■ Task details ■
Could you print the stretch of lines below from the one with "Wisente zählen zu" through the one with "Collecte conteneurisée à Briey", exactly as they stand and without any pictures?

■ Material provided ■
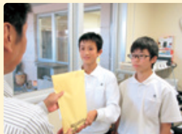
岡崎中学校生徒会(北海道地震災害義援金)

平成29年7月豪雨災害義援金 110円 米原市竜巻災害義援金 100円 平成30年7月大雨災害義援金 6,664円 北海道地震災害義援金 60,220円
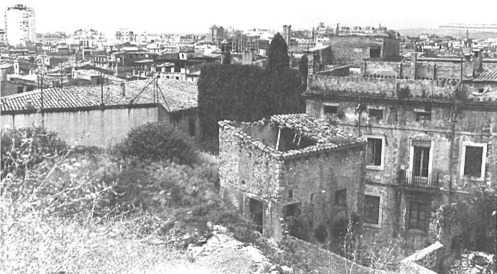
Les construccions annexes als Maristes que no van ser enderrocades i que donen al carrer del doctor Oliva i Prat han de ser estudiades amb cura, segons els arqueòlegs. Ara es troben en molt mal estat.
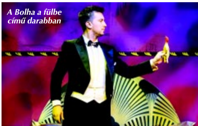
A Bolha a fülbe című darabban

– A vívójelenet nagyon látványos: kívülről veszélyesnek, s persze élethűnek látszik. Sokat gyakoroltatok?
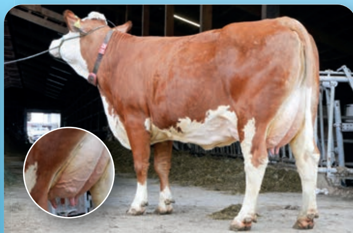
Tweedekalves Hochadel dochter Lexi produceert nog steeds 43 liter daags.
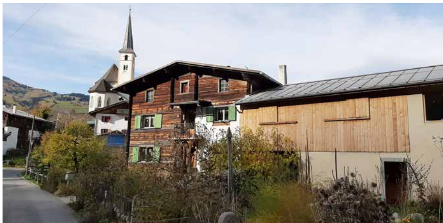
El quartier Fir.

A Sevgein constatesch'ins dabia activi- tads socialas. Chor mischedau, uniun da dunnas, uniun da giuventetgna, uni- un da tiradurs e gruppa da corns da ca- tscha rimnan regularmein la populaziun.
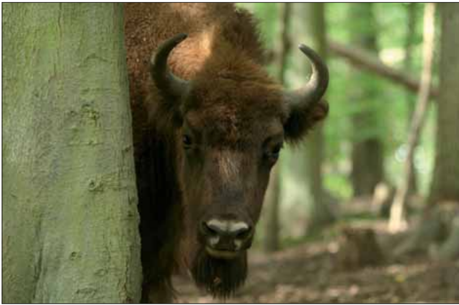
Wisente zählen zu den Vorfahren unseres Hausrindes.

Hart stampft der Bulle seine Hufe in den Boden, wütend schwenkt er seinen Kopf zur Seite, schnaubt. Der riesige Körper, der bis zu zwei Metern hoch und bis zu 1.000 Kilo schwer sein kann, ist angespannt. Nicht weniger beeindruckend zeigen sich die zotteligen Wisentkühe. Die Herde bewegt sich zögerlich aus dem Wald in das offene Grasland in Richtung der Beobachtungsplattform. Solche oder ähnliche Szenen können Nationalparkgäste vielleicht auch im geplanten Wisentgehege bei Mariawald zukünftig beobachten. Die Nationalparkverwaltung in Gemünd lässt derzeit verschiedene Varianten eines Geheges prüfen, das für zirka 15 Exemplare des größten Wildrindes Europas ein artgerechtes Leben sichern soll.
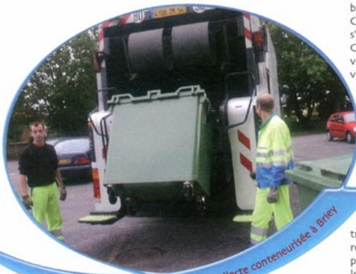
Collecte conteneurisée à Briey

Les communes d'Anderny, Les Baroches, Briey et Ville-sur-Yron ont fait le choix de la conteneurisation. Ce mot, un peu barbare, désigne le fait que chaque habitation de la ville va être dotée d'un bac à ordures ménagères. Il est nécessaire d'insister sur ce terme d'"habitation". Les bacs sont en effet affectés au logement et non pas aux habitants. Ces bacs prennent bien sûr en compte le nombre d'occupants du logement. Cependant, ils ne sont pas la propriété de ces derniers, c'est-à-dire que s'ils déménagent, ils ne peuvent pas prendre le bac avec eux.
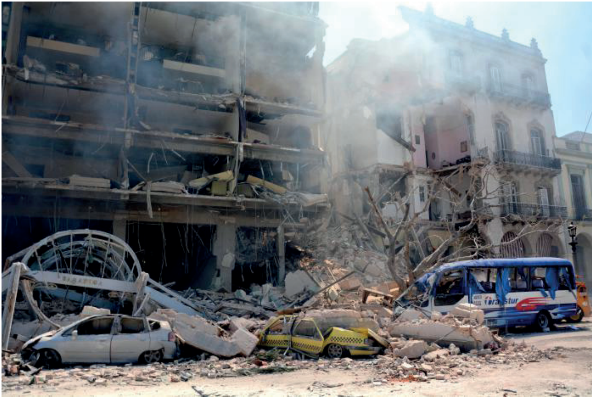
La explosión en el hotel Saratoga removió cimientos estructurales y sentimentales.

■ Exercise response ■
Wisente zählen zu den Vorfahren unseres Hausrindes.

Hart stampft der Bulle seine Hufe in den Boden, wütend schwenkt er seinen Kopf zur Seite, schnaubt. Der riesige Körper, der bis zu zwei Metern hoch und bis zu 1.000 Kilo schwer sein kann, ist angespannt. Nicht weniger beeindruckend zeigen sich die zotteligen Wisentkühe. Die Herde bewegt sich zögerlich aus dem Wald in das offene Grasland in Richtung der Beobachtungsplattform. Solche oder ähnliche Szenen können Nationalparkgäste vielleicht auch im geplanten Wisentgehege bei Mariawald zukünftig beobachten. Die Nationalparkverwaltung in Gemünd lässt derzeit verschiedene Varianten eines Geheges prüfen, das für zirka 15 Exemplare des größten Wildrindes Europas ein artgerechtes Leben sichern soll.
Collecte conteneurisée à Briey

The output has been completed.